Department of Pathology and Laboratory Medicine, David Geffen School of Medicine, University of California, Los Angeles, CA, USA.
J Immunol Res. 2017;2017:7903471. doi: 10.1155/2017/7903471. Epub 2017 Mar 8.
Consistent with Dr. Paul Terasaki's "humoral theory of rejection" numerous studies have shown that HLA antibodies can cause acute and chronic antibody mediated rejection (AMR) and decreased graft survival. New evidence also supports a role for antibodies to non-HLA antigens in AMR and allograft injury. Despite the remarkable efforts by leaders in the field who pioneered single antigen bead technology for detection of donor specific antibodies, a considerable amount of work is still needed to better define the antibody attributes that are associated with AMR pathology.

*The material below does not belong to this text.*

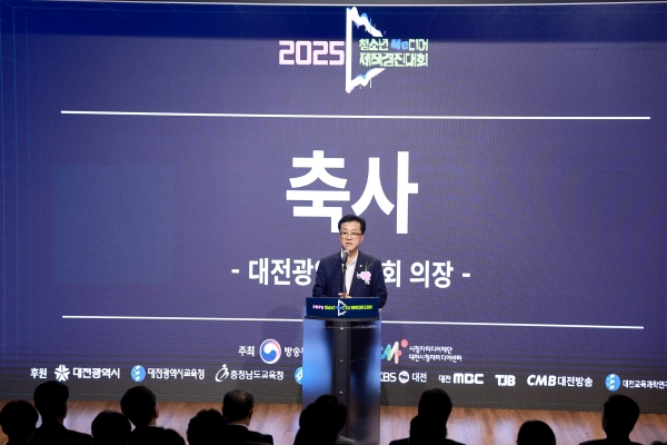 [충청25시] 대전시의회 조원휘 의장은 14일 대전시청자미디어센터에서 개최된 2025 청소년 미디어제작 경진대회 시상식에 참석해 대회의 성공적 개최를 기원하며 지역사회에 대한 청소년들의 높은 관심과 열정을 응원했다.

This review highlights what is currently known about the clinical context of pre and posttransplant antibodies, antibody characteristics that influence AMR, and the paths after donor specific antibody production (no rejection, subclinical rejection, and clinical dysfunction with AMR).
与 Paul Terasaki 博士的“排斥的体液学说”一致,许多研究表明 HLA 抗体可导致急性和慢性抗体介导的排斥(AMR)和移植物存活率降低。新证据也支持非 HLA 抗原抗体在 AMR 和同种异体损伤中的作用。尽管该领域的领导者们做出了卓越的努力,他们开创了用于检测供体特异性抗体的单抗原珠技术,但仍需要做大量的工作来更好地确定与 AMR 病理相关的抗体特征。本综述重点介绍了目前已知的移植前和移植后抗体的临床背景、影响 AMR 的抗体特征以及供体特异性抗体产生后的途径(无排斥、亚临床排斥和 AMR 导致的临床功能障碍)。